**Assignment**: Would you transcribe only the lines from the one holding "Worthing Pier, Worthing, UK, 28th" through the end of the material, exactly, without any pictures?

*** Opening Data shown ***

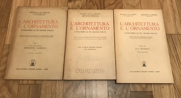 L'architettura e l'ornamento attraverso le più grandi civiltà, 3 voll ( Vol 1: Antichità classica. Vol 2: per il secondo biennio Evo moderno. Vol. 3: Evo moderno
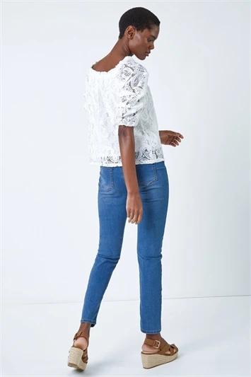 Add some versatile pieces to your Summer collection with this plain, lace trim bardot top. Cut from a smooth woven fabric this top features a flattering shirred, bardot neckline for a smooth and comfortable fit and short sleeves trimmed with an intricate lace edge. Flattering pleats at the chest ensure a loose and relaxed fit throughout. Finished with a matching lace trim at the hemline, this top is perfect paired with relaxed denim and sandals for effortless Summer style!
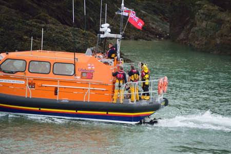 Worthing Pier, Worthing, UK, 28th June 2009 lifeboat / lifeboat crew, dinghy and helicopter of the UK R.N.L.I. coastguard
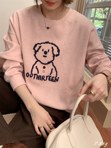 琪镌绘制秋季新款慵懒风圆领卫衣女薄款休闲宽松韩版百搭上衣6985

*** Closing Data shown ***

**Solved exercise**:
 Worthing Pier, Worthing, UK, 28th June 2009 lifeboat / lifeboat crew, dinghy and helicopter of the UK R.N.L.I. coastguard
 琪镌绘制秋季新款慵懒风圆领卫衣女薄款休闲宽松韩版百搭上衣6985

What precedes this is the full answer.